§ TASK PROMPT
Set down each entry as it stands. Skip the pictures.

☆ ☆ ☆ ☆ ☆

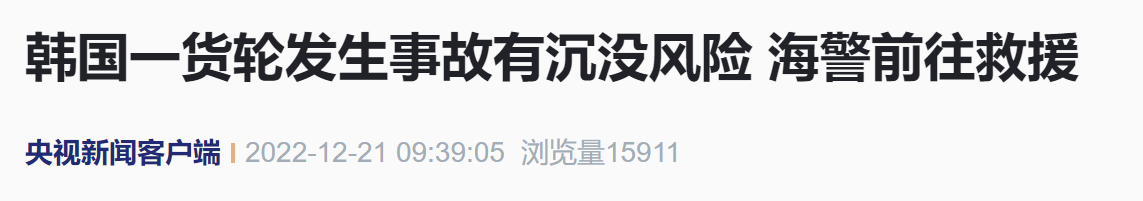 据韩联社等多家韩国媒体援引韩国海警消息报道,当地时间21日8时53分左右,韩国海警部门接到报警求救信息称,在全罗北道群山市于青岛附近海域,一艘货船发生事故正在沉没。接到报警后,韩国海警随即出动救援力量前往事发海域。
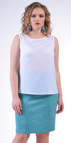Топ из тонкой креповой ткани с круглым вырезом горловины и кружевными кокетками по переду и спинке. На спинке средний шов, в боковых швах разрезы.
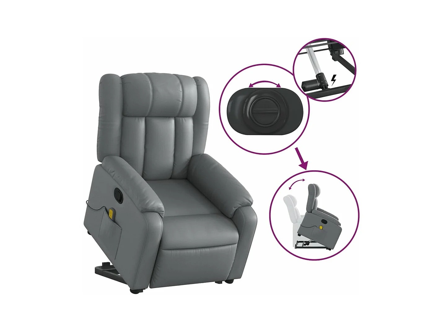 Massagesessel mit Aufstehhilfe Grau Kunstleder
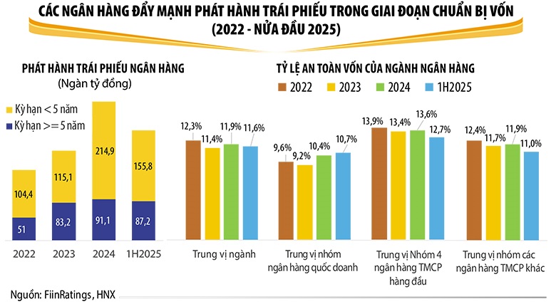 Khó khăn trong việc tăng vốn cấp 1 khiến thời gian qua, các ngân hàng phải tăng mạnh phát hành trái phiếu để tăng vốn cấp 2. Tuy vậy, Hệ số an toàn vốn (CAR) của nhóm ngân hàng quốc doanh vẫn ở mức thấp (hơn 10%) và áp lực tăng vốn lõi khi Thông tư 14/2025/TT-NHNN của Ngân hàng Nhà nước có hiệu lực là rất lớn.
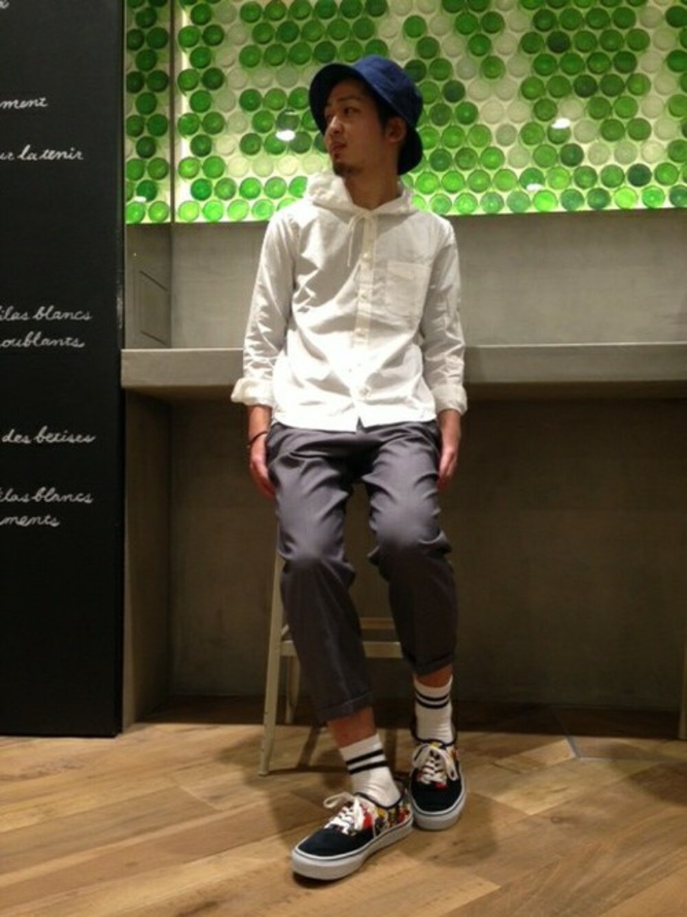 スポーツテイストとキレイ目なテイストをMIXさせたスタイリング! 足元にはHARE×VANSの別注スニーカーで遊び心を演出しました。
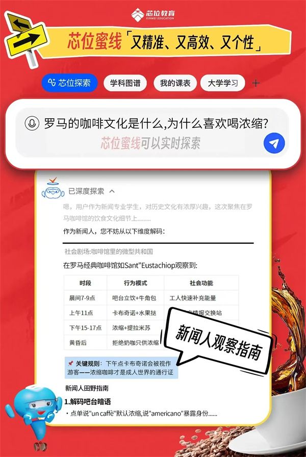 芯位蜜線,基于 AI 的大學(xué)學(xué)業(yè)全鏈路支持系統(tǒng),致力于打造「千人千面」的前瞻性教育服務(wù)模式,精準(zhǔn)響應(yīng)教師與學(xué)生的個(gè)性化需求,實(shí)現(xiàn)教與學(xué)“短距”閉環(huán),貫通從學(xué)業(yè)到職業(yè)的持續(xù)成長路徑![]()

☆ ☆ ☆ ☆ ☆

§ RESPONSE TO THIS EXERCISE
 据韩联社等多家韩国媒体援引韩国海警消息报道,当地时间21日8时53分左右,韩国海警部门接到报警求救信息称,在全罗北道群山市于青岛附近海域,一艘货船发生事故正在沉没。接到报警后,韩国海警随即出动救援力量前往事发海域。
Топ из тонкой креповой ткани с круглым вырезом горловины и кружевными кокетками по переду и спинке. На спинке средний шов, в боковых швах разрезы.
 Massagesessel mit Aufstehhilfe Grau Kunstleder
 Khó khăn trong việc tăng vốn cấp 1 khiến thời gian qua, các ngân hàng phải tăng mạnh phát hành trái phiếu để tăng vốn cấp 2. Tuy vậy, Hệ số an toàn vốn (CAR) của nhóm ngân hàng quốc doanh vẫn ở mức thấp (hơn 10%) và áp lực tăng vốn lõi khi Thông tư 14/2025/TT-NHNN của Ngân hàng Nhà nước có hiệu lực là rất lớn.
 スポーツテイストとキレイ目なテイストをMIXさせたスタイリング! 足元にはHARE×VANSの別注スニーカーで遊び心を演出しました。
 芯位蜜線,基于 AI 的大學(xué)學(xué)業(yè)全鏈路支持系統(tǒng),致力于打造「千人千面」的前瞻性教育服務(wù)模式,精準(zhǔn)響應(yīng)教師與學(xué)生的個(gè)性化需求,實(shí)現(xiàn)教與學(xué)“短距”閉環(huán),貫通從學(xué)業(yè)到職業(yè)的持續(xù)成長路徑![]()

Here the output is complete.